Wenn ich fünf Jahre alt wäre, würde ich jetzt einfach schnell ein buntes Porträt von Mama malen, das mehr an Godzilla erinnert als an diese tolle Frau, die gerade unten von meiner Schwester ein Frühstück und von meinem Papa Blumen bekommt.
Ich bin aber nicht fünf, also fällt diese Option schon mal weg. Langsam werde ich sauer auf mich selbst. Ich klettere zum zweiten Mal an diesem Tag aus meinem Bett, diesmal mit mehr Kampfgeist.
Irgendetwas muss es doch geben, was ich jetzt noch auf die Beine stellen kann! Etwas schönes, würdiges, günstiges, schnelles, kreatives…mein Hirn rotiert.
Pralinen, zu basic. Frühstück, schon vergeben. Blumen, auch. Gedicht, haha. Nein. Bein, Schwein, klein. Ich seufze. Die Kapitulation tanzt mit einer weißen Flagge wedelnd vor meinem Gesicht herum. Ich schubse sie zur Seite und greife nach einem Stück Briefpapier (ja, sowas gibt es noch zu kaufen, wenn man lange genug sucht!) und einem Stift.
Liebe Mama,
tut mit leid.
Ich hab den Muttertag total vergessen; ich habe keine Blumen,
keine Schokolade und keinen selbstgemachten Kuchen in der
Hinterhand. Hoffentlich weisst du aber trotzdem, dass ich dich
unglaublich lieb habe.
Ich danke dir, dass du da bist, um mit mir spazieren zu gehen und
einen Haufen Serien zu schauen, mir zu zeigen, wie man backt, mir
in jeder Situation den Rücken zu stärken und immer an mich zu
glauben, auch wenn ich es selbst gerade nicht tue.
Ich bin so stolz darauf, dich als meine Mama und beste Freundin
zu haben und auch wenn ich dir einen Gutschein auf ein richtiges
Muttertagsgeschenk überreichen muss, kommen diese Worte
von Herzen.
Alles Liebe
Deine Emily“
Ich finde eine schöne Herzchenschleife für den Brief und öffne zaghaft meine Zimmertür.
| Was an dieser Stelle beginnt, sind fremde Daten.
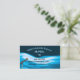 This editable karaoke jockey business card features a microphone in front of a blue wave background and the details of the business.
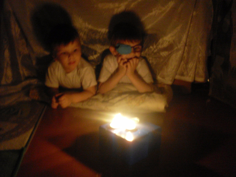 Когда на улице стемнело, мы "разожгли костер" и читали сказки народов севера. Ване настолько понравилась эта идея, что за вечер мы несколько раз "разжигали огонь" и читали сказки
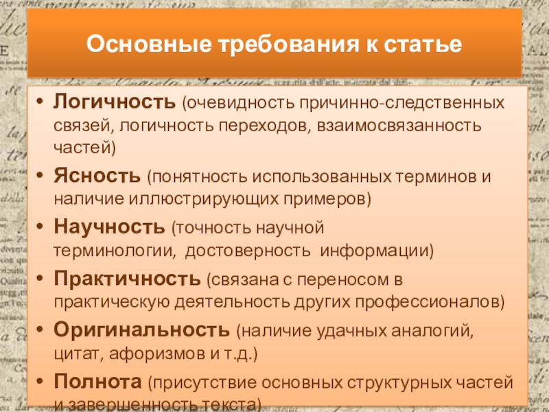 Слайд 21Основные требования к статье
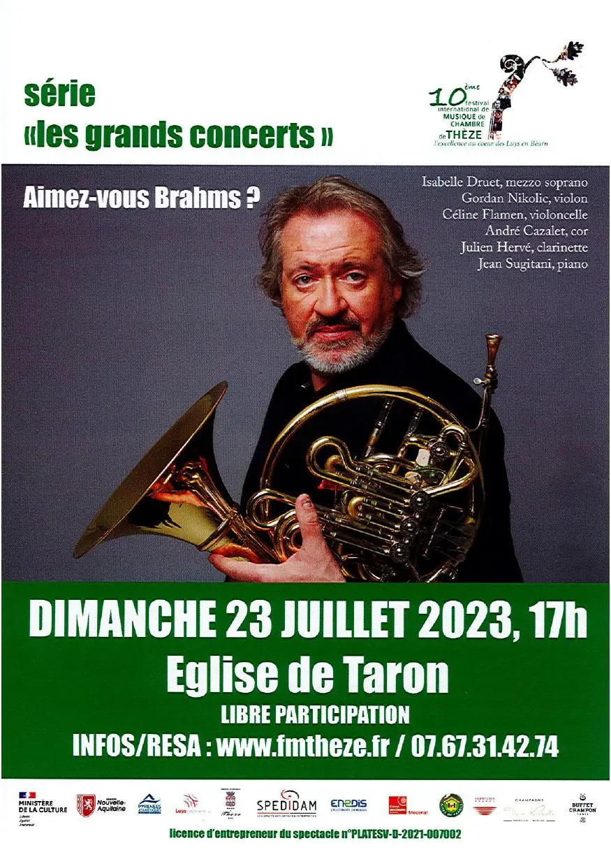 La Communauté de Communes des Luys en Béarn et Mme GRACIET du château de VIVEN, organisateurs du "10ème festival international de Musique de Chambre de THÈZE", ont choisi notre église pour un magnifique concert qui aura lieu le dimanche 23 juillet 2023 à 17h.
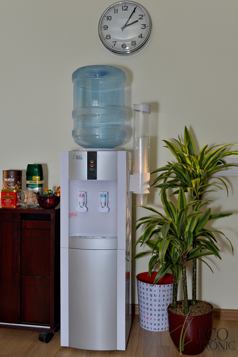 Кулер Ecotronic V21-LF White с холодильником . Напольный кулер с компрессорным охлаждением. Тип кранов подачи воды - "Нажим кружкой".
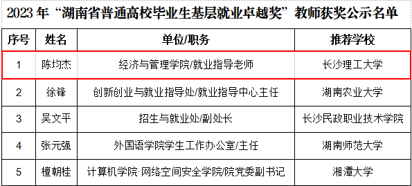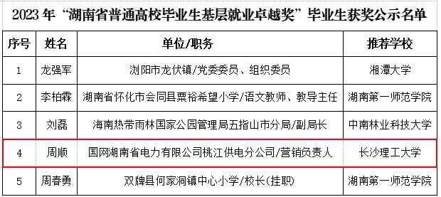 近日,开云官网电气与信息工程学院2017届硕士研究生周顺、经济与管理学院陈均杰老师荣获2023年“湖南省普通高校毕业生基层就业卓越奖”,并被推荐参评“全国高校毕业生基层就业卓越奖”。此次活动根据上级文件精神,经高校推荐、专家评审、“基层就业卓越奖”评审委员会审定,最终评选出“湖南省普通高校毕业生基层就业卓越奖”高校毕业生30人、教师7人,推荐排名前15名的高校毕业生、排名前3名的教师参评“全国高校毕业生基层就业卓越奖”。
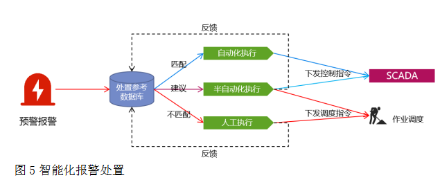 智能化報警處置技術。建立健全生產運行預警、報警處置參考數據庫,將預警報警結果分類為自動化執行、半自動化執行,人工執行等種類,按預警報警結果進行匹配,匹配成功的按照相關流程處理,如圖5。
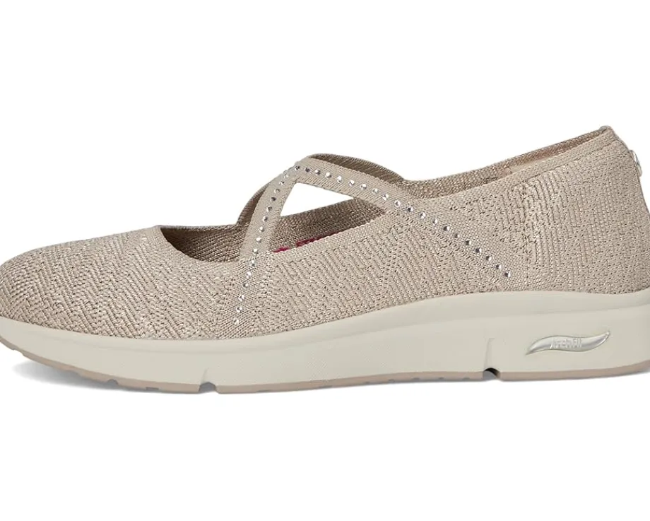 - Celebrated lifestyle expert, Martha Stewart, delivers her one-of-a-kind touch to these SKECHERS® Martha Stewart Arch Fit Living – Meadow Walk shoes. A part of the Skechers x Martha Stewart collaboration, these Mary Jane shoes feature a recycled knit mesh upper with rhinestone embellishments and a removable Arch Fit insole with podiatrist-certified arch support. Their footbed helps mold to your foot to reduce shock and increase weight dispersion, while the Stretch Fit design provides socklike comfort. They are crafted with 100% vegan materials. Lounge about in laid-back comfort with these slip-on shoes.

In der Küche sitzt der Rest meiner Familie beim Muttertagsfrühstück. Der Rosenstrauß steht in der Mitte des Tisches.
„Alles Gute zum Muttertag“, sage ich und gebe Mama einen Kuss und den Brief.
Während sie liest, hibble ich nervös von einem Fuß auf den anderen. Dann steht Mama auf und nimmt mich in den Arm.
„Ich hab dich auch ganz doll lieb, du verpeiltes Ding“, sagt sie und lacht. Ich auch. Meine Mama ist doch die Beste.
Und den nächsten Muttertag hab ich mir schon mal fett in meinem Kalender markiert. Vorsichtshalber.